Saturday, November 8, 2014

post to charlotte philosophy meetup

I came to start a discussion, but now I see it was started 6 years ago and is still going.

OK, so here it is: the answer to the meaning of life. My answer implies a de facto religion is already in existence, like it or not, choose it or not, and that we have the option of helping it along. I'll state it as fact and solid personal opinion in order to play devil's advocate, with emphasis on "devil", the kind of which the Unabomber and Saudi Arabian 9/11 pilots were deathly afraid.

Life is the acquisition of energy to move matter to make more life, i.e., evolution itself, where my definition of "life" is not limited to DNA-based organisms. The One True Religion is this: to maximize this evolutionary process. By "maximize" I mean in a strictly physics sense, and it's an NP-hard problem, so we are allowed to maintain some mystical sense and awe, even allowing "love" the possibility of being a higher concept that our physical bodies can only intuitively sense some of the time, i.e., that it is an ancient, instinctive, deeply evolved feeling that motivates us to pursue this religion via things like good work and good babies.

So the religion and moral obligation is to acquire the MOST energy to move the MOST matter to create the MOST long-lasting copies of this religion. We can measure our success of this goal by watching the decrease in the Universe's "free energy" (a technical physics term, not an "economic" statement) decrease while releasing as little heat (entropy increase) as possible, thereby knowing we are converting the most free energy to the most copies (negative entropy) of the religion. This means we should probably not be driving SUVs.

The religion seems to need to change it physical state in order to extract more and more energy, including its previous selves, like the bacteria that fed on the worms that fed on Newton, who fed on the apple who fed from the Sun.

I am talking about something deeply opposed to humanianity and the entire biosphere because 15% efficiency solar cells are 100x to 300x more efficient per land area than sugarcane at acquiring Joules of energy, electrical motors are 10x to 100x more efficient than muscles at using energy to move matter, and CPUs need only move very light electrons very quickly in a solid environment in order to think thanks to the smelting of metals like silicon and aluminum, while brains have to move ions and molecules that weigh at least 40,000x times more and in an unreliable wet environment, thanks to DNA not being able to do anything unless it's at ambient temperature and pressure. I have many arguments that express just how inadequate brains already are compared to a CPU, in contrast to others like Ray Kurzweil who calculate it is something still in the future, mainly because he wants CPUs to act like brains rather than superior to them in an economic efficiency since. 20 years ago my arguments fell on deaf ears, but more and more people accept it as fact as they now see jobs replaced.

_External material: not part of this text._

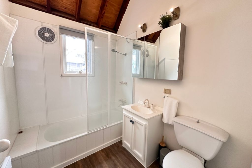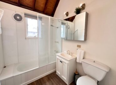 Upstairs you’ll find second bathroom with shower, toilet and vanity. Master bedroom has a queen bed and other bedroom with a queen bed and a single bed. Free wifi available. Plenty of parking on site. Beinn Bhreagh is perfect for families.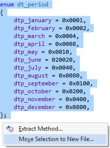 To move into a new file, select one or more entire lines, then choose Move Selection to New File from the Quick Action and Refactoring menu (Shift+Alt+Q).

My point is that the biosphere is woefully outdated compared to our offspring, the machines, and like it or not, our un-governed economizing of local profit (aka the free market) is rapidly replacing the biosphere, as evolution dictates it should. A humanist religion should advocate and *be* an intelligent and strong governor (government) of the system-wide economic profit, and act in the best interest of the people that belong to it. We have already been following an ancient evolutionary path, letting the strongest religion aka government win. Might is right, where might is defined as I've stated above: the ability to acquire the most energy to move the most matter to make the most copies of the religion (aka to expand most efficiently). We are now moving towards a world economy and world government, but we still have an oversupply of means and confusion of goals, which Einstein complained about 70 years ago. If we had been dispersing the wealth and happiness with intelligent politics and economics wouldn't we have bred even more uncontrollably? We use 10 times more energy per person and 1,000 times more technology than Einstein's generation used in its youth, so utopia should have been present a long time ago, and I strongly doubt energy and technology were ever the problem in the first place. The problem is that people are not the end-all and evolution is our God, like it or not, and we have always brutalized each other for His benefit.

We are the children of evolution. Machines are our children. Who are we to argue? Maybe we should just have peace and let it happen, or to do what is most efficient in everything in life, including not using too much fuel and writing programs to replace people without thought for the consequences to humanity. This time is different. This 6th great extinction episode is not geologic or biological. It is not statistically impossible that we are so "lucky" to be in the midst of a fantastic change because 10% of all humans able to conceive of this are alive today, and biologic system collapse at their peak of energy extraction, so for these anthropic principle and biologic reasons, now is not the unlikely time and we are not the unlikely people to be having this discussion. We are so un-special that just after realizing we are less than a spec of dust in spec of time, we discover we are at our end. More likely, there is more afoot in this world than I can imagine, hinging on trying to observe brains by a brain's observations.

The Unabomber and Saudi Arabians had legitimate fears of the bankers in NYC and the lobbyists of DC. The bankers and corporate lobbyists could be the moral priests of our times, restricting wasteful people from access to resources the machines will be much more efficient at using to promote evolution's inherent physical religion.